● **STORED DATA**
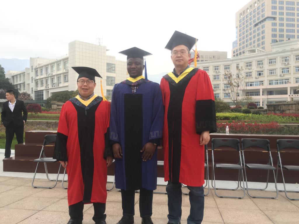 毕业典礼上,Mbah Collins Tebo怀着无比激动的心情走上主席台,从赵敏董事长手中接过学位证书,接受拨穗,并向赵敏董事长致握手礼,表达了他对必赢线路检测中心的感谢之情。在与董事长合影的时候,他也获得了在场师生经久不息的掌声。这是他人生中值得永远铭记的时刻,同时也为难忘的研究生求学经历划上圆满的句号,从此开启了人生的新篇章。
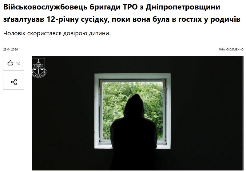 Военный вызвал ребенка на улицу по телефону под предлогом "поговорить". Как только девочка вышла, захисник незаконно проник на территорию двора, повалил ребенка на землю и изнасиловал ее.
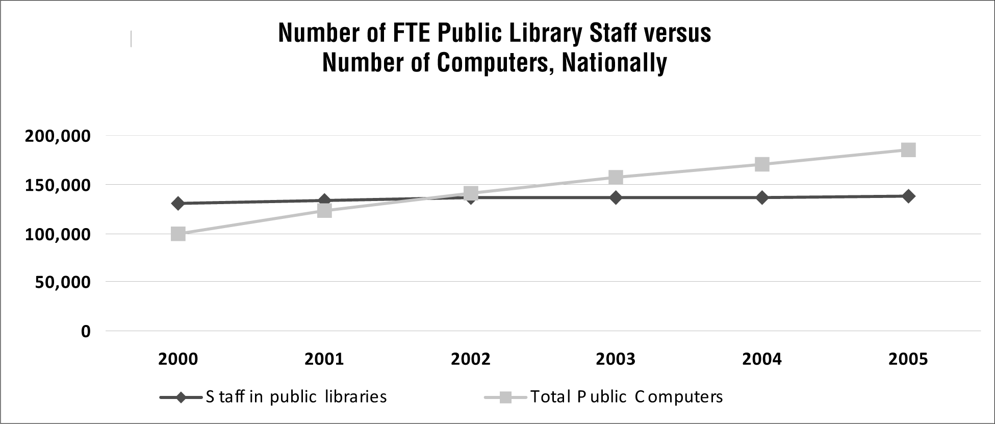 Like additional cars on the interstate, additional computers and Internet services in libraries contribute to the “traffic” and create additional demands for staff to orient patrons and mediate public access to these resources. Along with an 86 percent increase in the number of computers in U.S. public libraries, there was an 18.6 percent increase in library visits, from 1.15 billion in 2000 to 1.36 billion in 2005. The number of full-time equivalent (FTE) staff grew only 6 percent over the same time period (figure 6).9
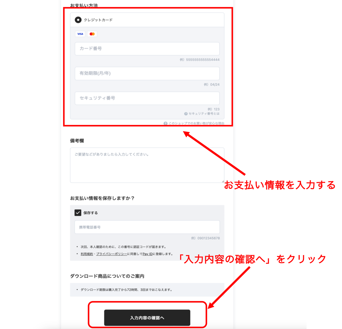 購入が完了すると、商品ダウンロードのリンクボタンのある、購入完了画面が表示されます。「ダウンロード画面へ」をクリックすると、ダウンロード画面が表示されます。
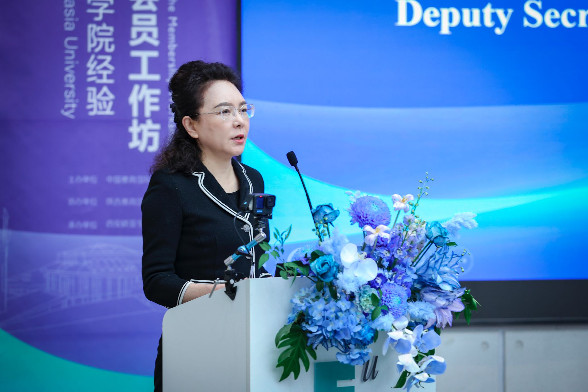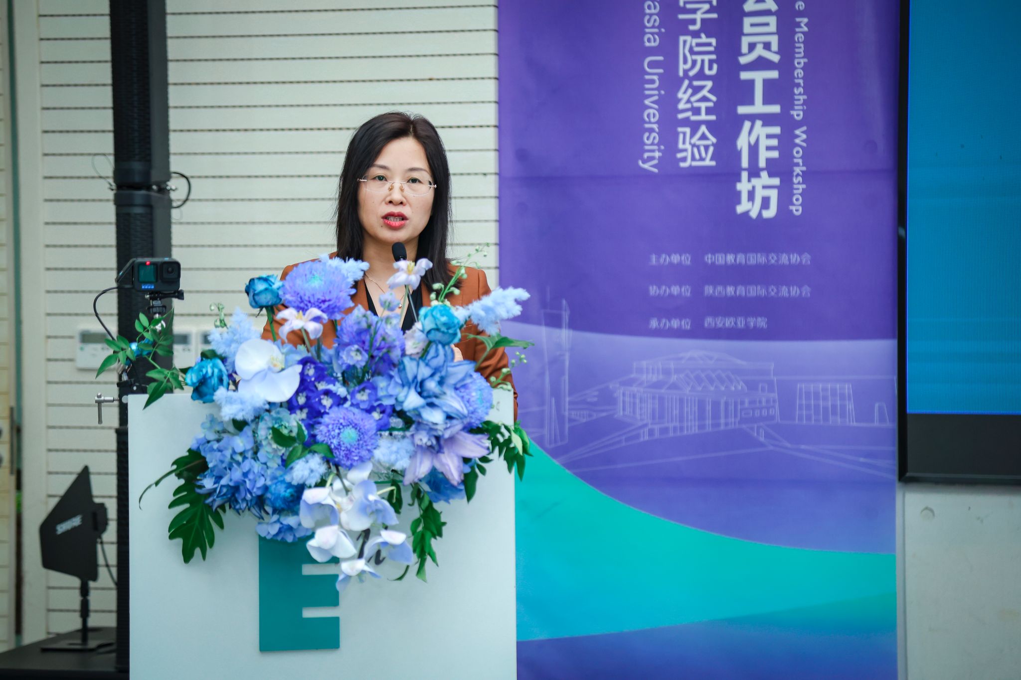 本次工作坊由中国教育国际交流协会主办、陕西教育国际交流协会协办、beat365正版唯一官网必一承办。中国教育国际交流协会秘书处副秘书长傅博、秘书处办公室兼会员工作部副主任刘筱蒙,陕西教育国际交流协会会长陈乃霞,陕西省教育厅对外合作与交流处处长文通,beat365正版唯一官网必一党委书记赵国华等出席活动。陕西教育国际交流协会会员院校领导及相关处室负责人共70余代表参会。
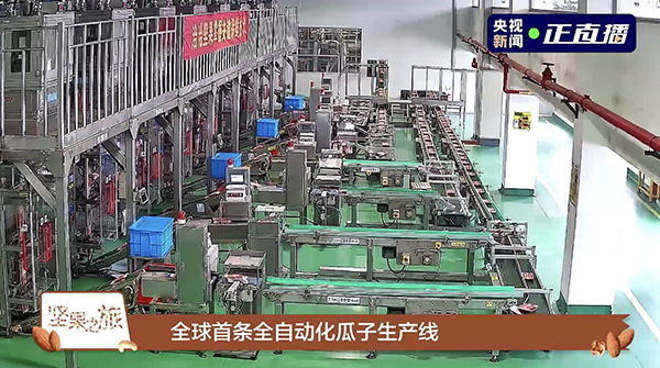 据大奖国际首席增长官王斌介绍,大奖国际瓜子自动化包装车间总投资近1.2亿,占地面积近12000平方。整体分为上下两层,分别进行制造和包装,这条集煮制、干燥、烘烤、冷却、精选、内包、外包于一体的生产线,不仅是大奖国际自主研发的全球第一条全自动瓜子生产线,更是中国炒货行业自动化水平最高的代表作。
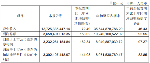 财务业绩表现 - 2025年前三季度公司营业收入为355.45亿元,同比增长46.43% [1] - 2025年前三季度归属于上市公司股东的净利润为89.50亿元,同比增长97.27% [1] - 2025年前三季度归属于上市公司股东的扣除非经常性损益的净利润为89.72亿元,同比增长82.85% [1] - 2025年前三季度经营活动产生的现金流量净额为135.82亿元,同比增长135.00% [1] - 2025年第三季度单季营业收入为127.25亿元,同比增长72.49% [2] - 2025年第三季度单季归属于上市公司股东的净利润为32.32亿元,同比增长162.34% [2] 资产与负债状况 - 截至2025年9月30日,公司总资产为902.86亿元,负债合计为443.31亿元,资产负债率为49.10% [2] - 截至2025年9月30日,公司一年内到期的非流动负债为64.49亿元,长期借款为206.43亿元,有息负债共计270.92亿元 [3] 股东股权与质押情况 - 公司控股股东宝丰集团持股数量为2,614,211,270股,持股比例为35.65% [3] - 宝丰集团累计质押公司股份700,000,000股,占其所持公司股份的26.78%,占公司总股本的9.55% [3] - 宝丰集团及其一致行动人东毅国际合计持股数量为4,614,211,270股,持股比例为62.92% [3] - 宝丰集团及其一致行动人累计质押公司股份950,000,000股,占其所持股份比例的20.59%,占公司总股本比例的12.95% [3] - 一致行动人东毅国际持股数量为2,000,000,000股,持股比例为27.27%,其累计质押股份为250,000,000股,占其所持股份的12.5%,占公司总股本的3.41% [4]
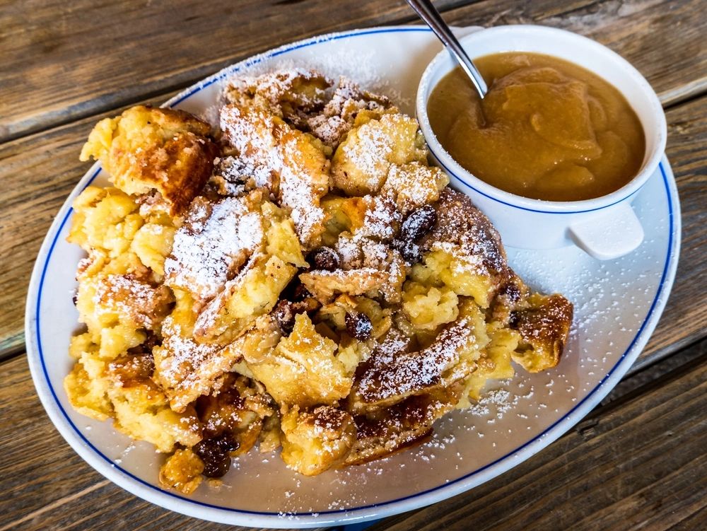 Kaiserschmarrn, a fluffy, caramelized pancake torn into bite-sized pieces, is a beloved Austrian treat, often dusted with powdered sugar and served with fruit compote. Light and airy on the inside with crispy, golden edges, it combines the textures of a pancake and the indulgence of a dessert.
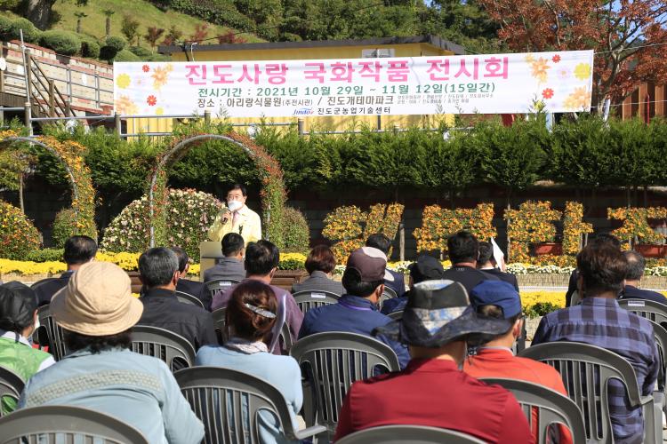 Àü½Ãȸ´Â ±¹È»ê¾÷È¿¬±¸È¸¿ø 35¸íÀÌ 1³â°£ 22ȸÀÇ ±³À°°ú ½Ç½ÀÀ» ÅëÇØ ¿Ï¼ºµÈ ºÐÀç ÀÛǰÀ» ÇÔ²² Àü½ÃÇϰí ÀÖÀ¸¸ç, Áøµµ¾Æ¸®¶û½Ä¹°¿ø ³»¿¡ ¼¿ÇÁ Ä«Æä¸¦ °³Àå, ±¹È ÀÛǰµµ °ü¶÷Çϰí ÀüÅëÂ÷¸¦ ¸¶½Ç ¼öµµ ÀÖ´Ù.
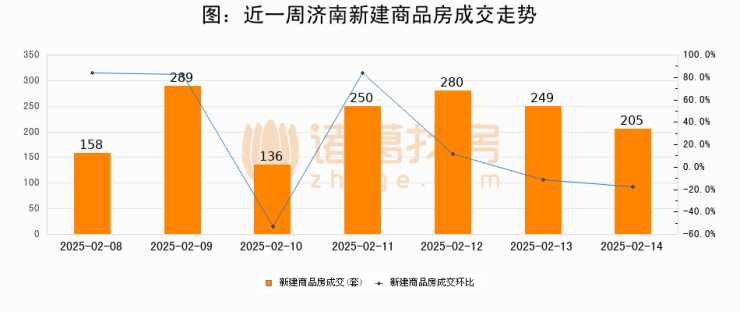 【济南成交日报】02月14日新房成交205套;涨价房源25套
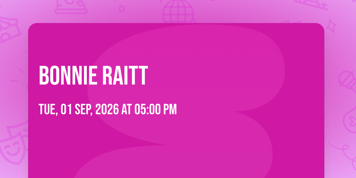 🌟 Be part of history at Bonnie Raitt, an extraordinary gathering that will captivate your imagination! 🏛️ The prestigious Alberta Bair Theater in Billings, MT sets the stage for an unforgettable experience on September 1st, 2026 at 05:00 PM. ✨ They are bringing together the finest elements of entertainment and innovation to create moments that will take your breath away. From the moment you arrive, you'll be immersed in an atmosphere of wonder and excitement. 🎯 This carefully planned event ensures every guest experiences something truly special. 🎊 Early booking is recommended for this must-attend event of the season!http://maps.seatics.com/AlbertaBairTheater_EndStage2_2024-08-23_2024-08-23_0718_08232024_093040_SVGC_tn.png
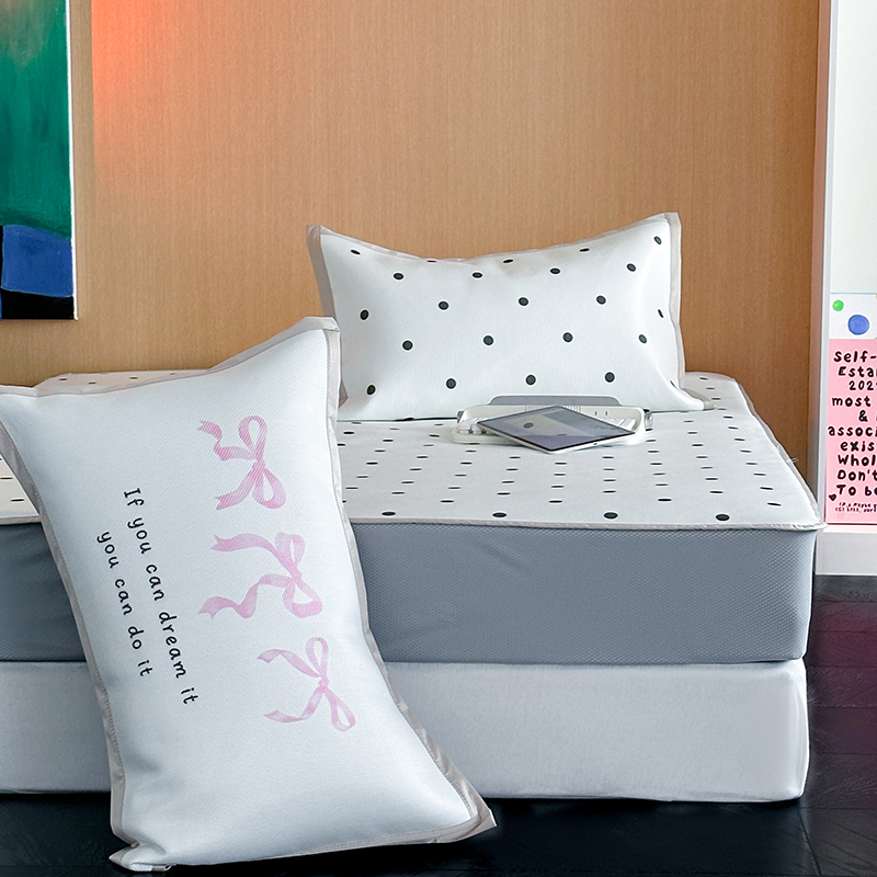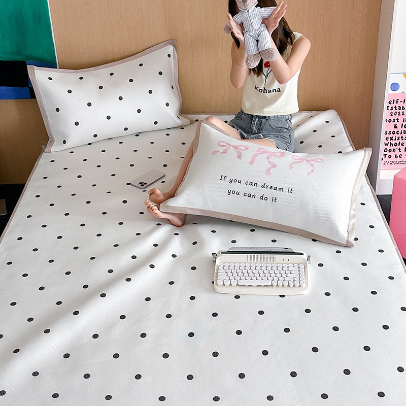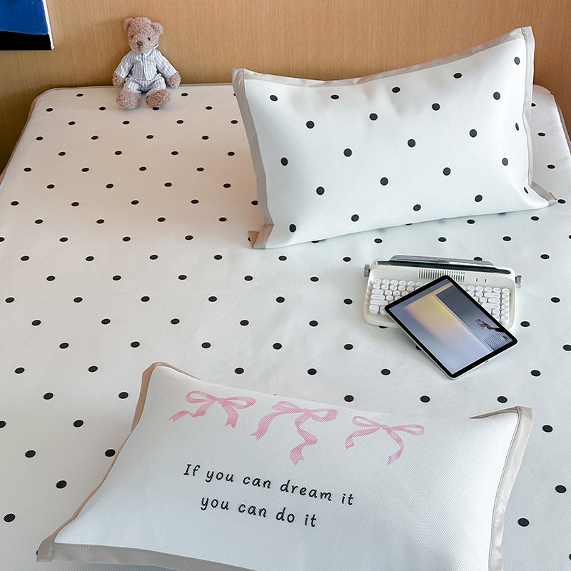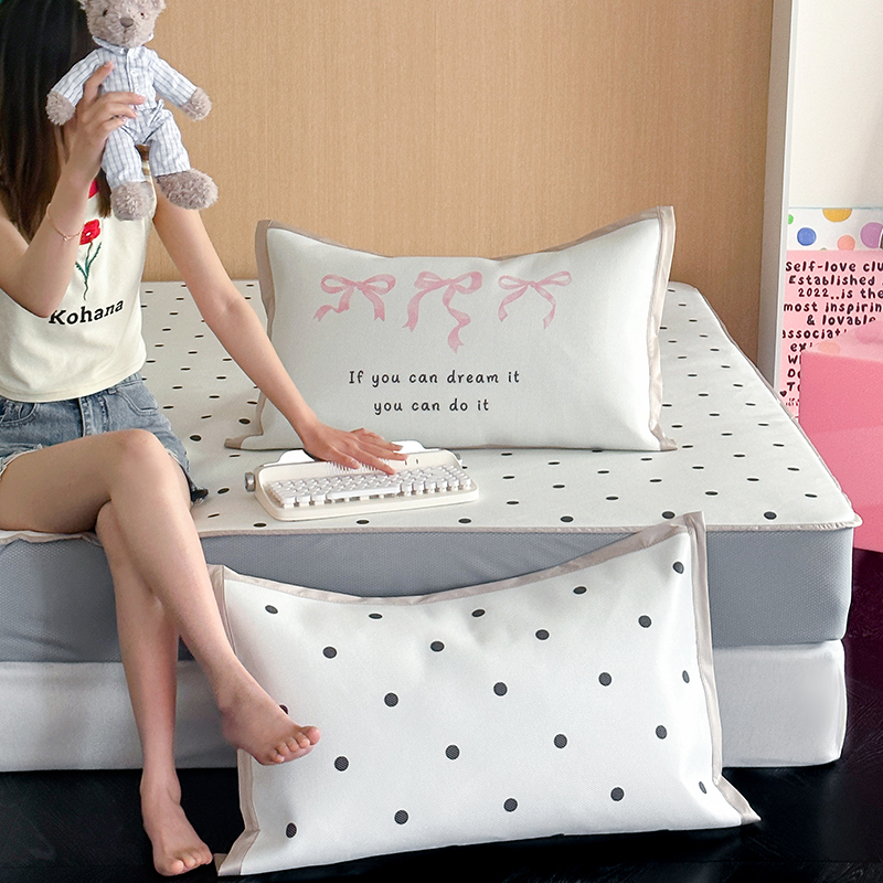 昔可家纺 2024床笠款冰藤席波点大版枕套系列 白波点
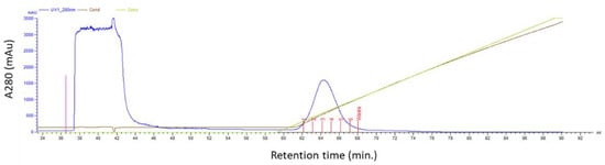 Affibody–MMAE conjugation was obtained according to the method described in Sochaj-Gregorczyk et al. [21]. After the conjugation reaction, the mixture was analyzed by HIC-HPLC. This chromatography allowed us to separate unconjugated proteins from the affibody conjugated to the hydrophobic auristatin E. The HPLC chromatogram described by Sochaj-Gregorczyk et al. confirmed the presence of a peak corresponding to ZHER2:2891DCS conjugated with MMAE [21].
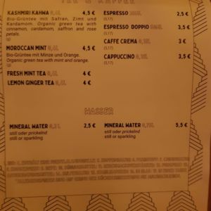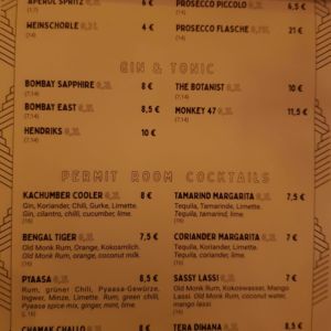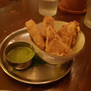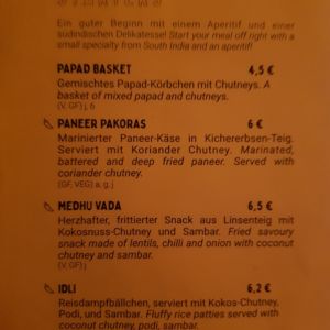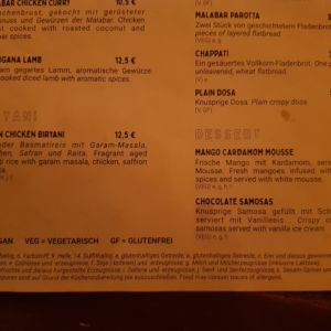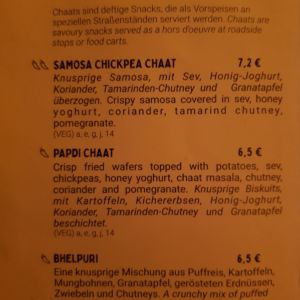 Wir besuchten das Restaurant an einem Montag Abend gegen 21 Uhr Uhr mit einer Tischreservierung. Das Menü ist für indische Restaurant relativ übersichtlich – aber keinesfalls weniger kreativ. Wir bestellten eine Flasche Weißwein und zur Vorspeise die Paneer Pakoras (Paneer-Käse mit Koriander Chutney) und Samosa Chickpea Chaat (Samosa mit Honig-Joghurt, Kichererbsen und Granatapfel).
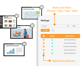 Remotely manage multiple displays simultaneously from a single cloud-based platform. Save time on configuration, monitoring, and routine maintenance.

● **WHAT YOU WILL DO**
Every line of the listing should be copied precisely, with images omitted.

● **TASK ANSWER**
 毕业典礼上,Mbah Collins Tebo怀着无比激动的心情走上主席台,从赵敏董事长手中接过学位证书,接受拨穗,并向赵敏董事长致握手礼,表达了他对必赢线路检测中心的感谢之情。在与董事长合影的时候,他也获得了在场师生经久不息的掌声。这是他人生中值得永远铭记的时刻,同时也为难忘的研究生求学经历划上圆满的句号,从此开启了人生的新篇章。
 Военный вызвал ребенка на улицу по телефону под предлогом "поговорить". Как только девочка вышла, захисник незаконно проник на территорию двора, повалил ребенка на землю и изнасиловал ее.
 Like additional cars on the interstate, additional computers and Internet services in libraries contribute to the “traffic” and create additional demands for staff to orient patrons and mediate public access to these resources. Along with an 86 percent increase in the number of computers in U.S. public libraries, there was an 18.6 percent increase in library visits, from 1.15 billion in 2000 to 1.36 billion in 2005. The number of full-time equivalent (FTE) staff grew only 6 percent over the same time period (figure 6).9
 購入が完了すると、商品ダウンロードのリンクボタンのある、購入完了画面が表示されます。「ダウンロード画面へ」をクリックすると、ダウンロード画面が表示されます。
 本次工作坊由中国教育国际交流协会主办、陕西教育国际交流协会协办、beat365正版唯一官网必一承办。中国教育国际交流协会秘书处副秘书长傅博、秘书处办公室兼会员工作部副主任刘筱蒙,陕西教育国际交流协会会长陈乃霞,陕西省教育厅对外合作与交流处处长文通,beat365正版唯一官网必一党委书记赵国华等出席活动。陕西教育国际交流协会会员院校领导及相关处室负责人共70余代表参会。
 据大奖国际首席增长官王斌介绍,大奖国际瓜子自动化包装车间总投资近1.2亿,占地面积近12000平方。整体分为上下两层,分别进行制造和包装,这条集煮制、干燥、烘烤、冷却、精选、内包、外包于一体的生产线,不仅是大奖国际自主研发的全球第一条全自动瓜子生产线,更是中国炒货行业自动化水平最高的代表作。
 财务业绩表现 - 2025年前三季度公司营业收入为355.45亿元,同比增长46.43% [1] - 2025年前三季度归属于上市公司股东的净利润为89.50亿元,同比增长97.27% [1] - 2025年前三季度归属于上市公司股东的扣除非经常性损益的净利润为89.72亿元,同比增长82.85% [1] - 2025年前三季度经营活动产生的现金流量净额为135.82亿元,同比增长135.00% [1] - 2025年第三季度单季营业收入为127.25亿元,同比增长72.49% [2] - 2025年第三季度单季归属于上市公司股东的净利润为32.32亿元,同比增长162.34% [2] 资产与负债状况 - 截至2025年9月30日,公司总资产为902.86亿元,负债合计为443.31亿元,资产负债率为49.10% [2] - 截至2025年9月30日,公司一年内到期的非流动负债为64.49亿元,长期借款为206.43亿元,有息负债共计270.92亿元 [3] 股东股权与质押情况 - 公司控股股东宝丰集团持股数量为2,614,211,270股,持股比例为35.65% [3] - 宝丰集团累计质押公司股份700,000,000股,占其所持公司股份的26.78%,占公司总股本的9.55% [3] - 宝丰集团及其一致行动人东毅国际合计持股数量为4,614,211,270股,持股比例为62.92% [3] - 宝丰集团及其一致行动人累计质押公司股份950,000,000股,占其所持股份比例的20.59%,占公司总股本比例的12.95% [3] - 一致行动人东毅国际持股数量为2,000,000,000股,持股比例为27.27%,其累计质押股份为250,000,000股,占其所持股份的12.5%,占公司总股本的3.41% [4]
 Kaiserschmarrn, a fluffy, caramelized pancake torn into bite-sized pieces, is a beloved Austrian treat, often dusted with powdered sugar and served with fruit compote. Light and airy on the inside with crispy, golden edges, it combines the textures of a pancake and the indulgence of a dessert.
 Àü½Ãȸ´Â ±¹È»ê¾÷È¿¬±¸È¸¿ø 35¸íÀÌ 1³â°£ 22ȸÀÇ ±³À°°ú ½Ç½ÀÀ» ÅëÇØ ¿Ï¼ºµÈ ºÐÀç ÀÛǰÀ» ÇÔ²² Àü½ÃÇϰí ÀÖÀ¸¸ç, Áøµµ¾Æ¸®¶û½Ä¹°¿ø ³»¿¡ ¼¿ÇÁ Ä«Æä¸¦ °³Àå, ±¹È ÀÛǰµµ °ü¶÷Çϰí ÀüÅëÂ÷¸¦ ¸¶½Ç ¼öµµ ÀÖ´Ù.
 【济南成交日报】02月14日新房成交205套;涨价房源25套
 🌟 Be part of history at Bonnie Raitt, an extraordinary gathering that will captivate your imagination! 🏛️ The prestigious Alberta Bair Theater in Billings, MT sets the stage for an unforgettable experience on September 1st, 2026 at 05:00 PM. ✨ They are bringing together the finest elements of entertainment and innovation to create moments that will take your breath away. From the moment you arrive, you'll be immersed in an atmosphere of wonder and excitement. 🎯 This carefully planned event ensures every guest experiences something truly special. 🎊 Early booking is recommended for this must-attend event of the season!http://maps.seatics.com/AlbertaBairTheater_EndStage2_2024-08-23_2024-08-23_0718_08232024_093040_SVGC_tn.png
 昔可家纺 2024床笠款冰藤席波点大版枕套系列 白波点
 Affibody–MMAE conjugation was obtained according to the method described in Sochaj-Gregorczyk et al. [21]. After the conjugation reaction, the mixture was analyzed by HIC-HPLC. This chromatography allowed us to separate unconjugated proteins from the affibody conjugated to the hydrophobic auristatin E. The HPLC chromatogram described by Sochaj-Gregorczyk et al. confirmed the presence of a peak corresponding to ZHER2:2891DCS conjugated with MMAE [21].
 Wir besuchten das Restaurant an einem Montag Abend gegen 21 Uhr Uhr mit einer Tischreservierung. Das Menü ist für indische Restaurant relativ übersichtlich – aber keinesfalls weniger kreativ. Wir bestellten eine Flasche Weißwein und zur Vorspeise die Paneer Pakoras (Paneer-Käse mit Koriander Chutney) und Samosa Chickpea Chaat (Samosa mit Honig-Joghurt, Kichererbsen und Granatapfel).
 Remotely manage multiple displays simultaneously from a single cloud-based platform. Save time on configuration, monitoring, and routine maintenance.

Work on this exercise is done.